Did You Know Childhood Classic ‘Goodnight Moon’ Was Inspired by a Stormy Lesbian Romance?
A biography of Margaret Wise Brown by Amy Gary titled In the Great Green Room reveals that Brown, author of the classic children’s books Goodnight Moon and The Runaway Bunny, had a tumultuous love life which included an affair with a married woman.
Brown never married or had children. Instead she had a string of apparently torrid romances, including one with Blanche Oelrichs (who used the male nom de plume Michael Strange for her erotic poetry), a married woman 20 years her senior.
The two women’s on-again-off-again romance was actually the inspiration behind the beloved children’s book classic Goodnight Moon.
The New York Post writes:
During one breakup, as Brown recuperated from a broken heart and a surgical operation at her house in Maine that she lovingly referred to as “The Only House,” she wrote a poem about a girl who moved from the country to the city and to soothe herself imagined her old room. The poem became “Goodnight Room.”
Years later, while back in Strange’s arms, the poem returned to her in a dream along with images of her downstairs neighbor’s apartment — its bright green walls, red furniture with yellow trim.
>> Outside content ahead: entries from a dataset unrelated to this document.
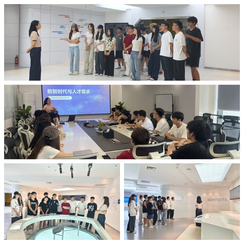 企业探访,开拓产业视野。同学们在专业教师黄婕的带领下赴企业参访,美林数据产教融合事业部李静带领同学们参观了企业办公环境和“预见智造”展厅,通过零距离接触大数据企业,同学们更加清晰地认识到当今时代掌握大数据技术、培养数据思维的重要性。随后,美林数据产教融合事业部高级咨询顾问詹妮老师为同学们带来了“数智时代与人才需求”的专题分享,詹老师通过不同行业场景案例分享,展现了大数据等前沿技术如何以前所未有的方式重塑各行各业,详细介绍了市场对数据思维人才的旺盛需求和不同岗位多元化技能要求。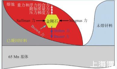 液态钎料的横向速度使金刚石颗粒两边的相对速度不同,使金刚石颗粒发生旋转,并带动周围流体流动,存在Magnus力FM为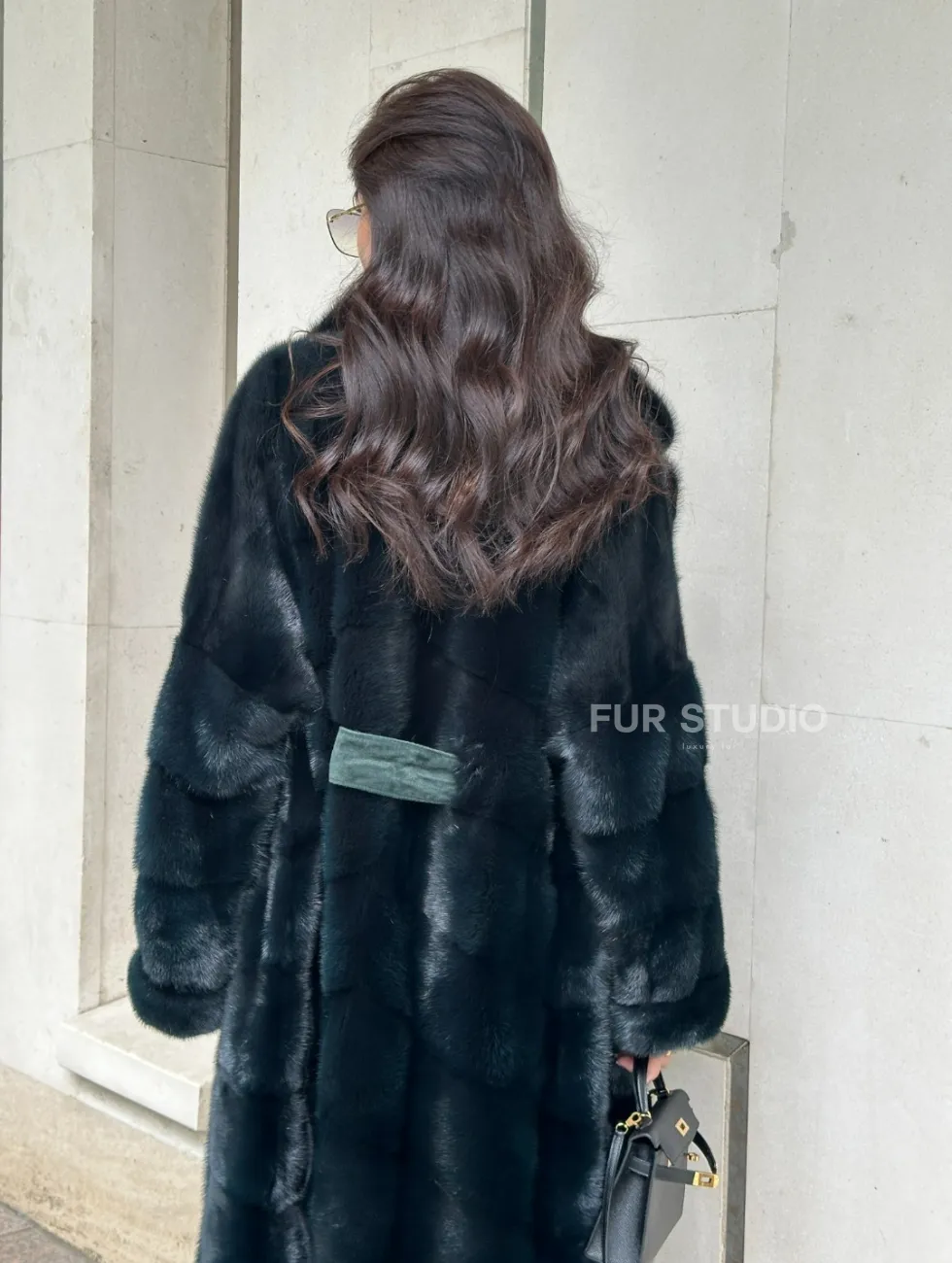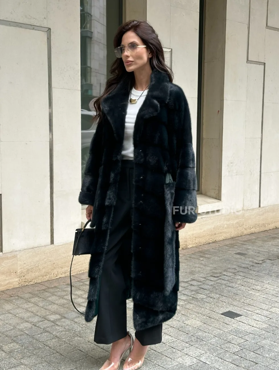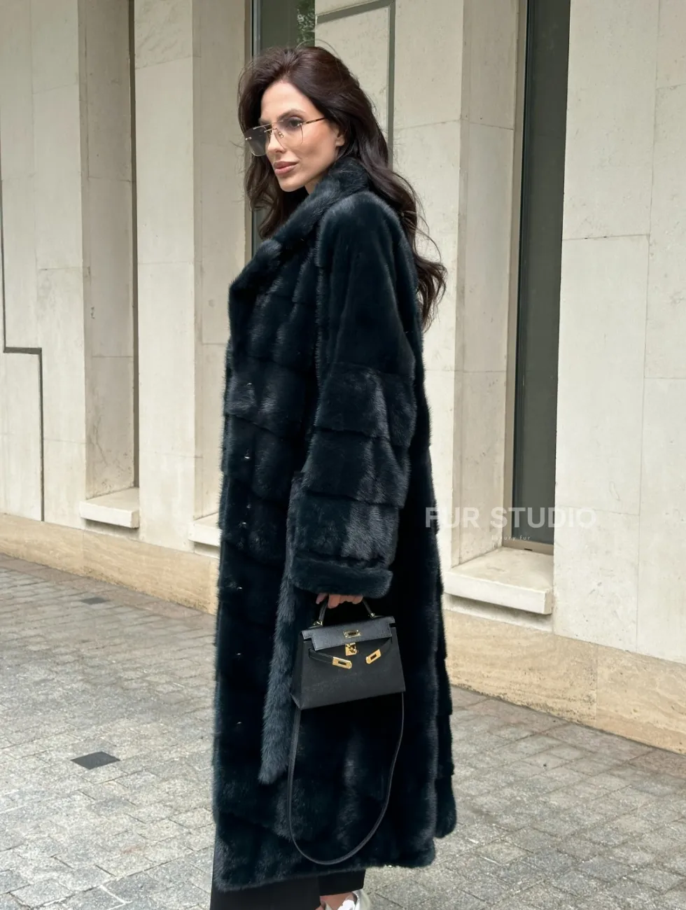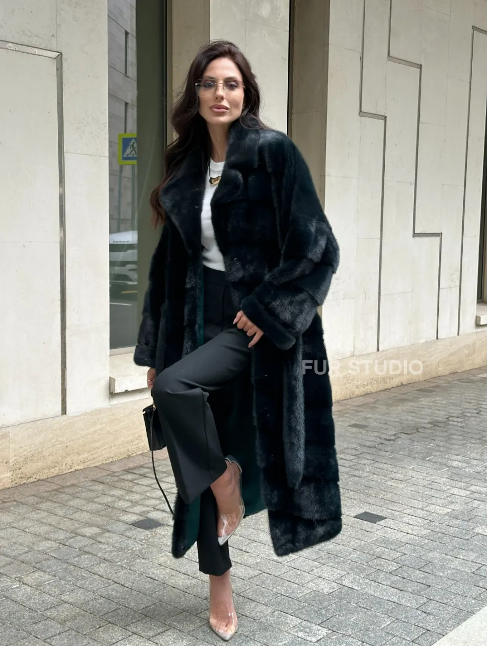 Мех данной шубы аукционная норка, цвет зеленый. Предлагается в размерах от 42 до 54. Длина модели 115-120 см, что выгодно подчеркивает фигуру девушек. Эта модель идеально подойдет для девушек и женщин, предпочитающих роскошные натуральные меха.

The result was Goodnight Moon.
Yep! It turns out that this book, which many of our parents read to us as children, was inspired by some good old-fashioned lesbian drama.
Strange passed away not long after Goodnight Moon was published. Brown moved on, dating a guy named Pebble 16 years her junior before dying of a blood clot after an appendectomy at the age of 42.
But her short life left behind a story beloved by millions of readers everywhere.
Was Goodnight Moon one of your favorite childhood books? Did you know about the same-sex romance story behind Goodnight Moon?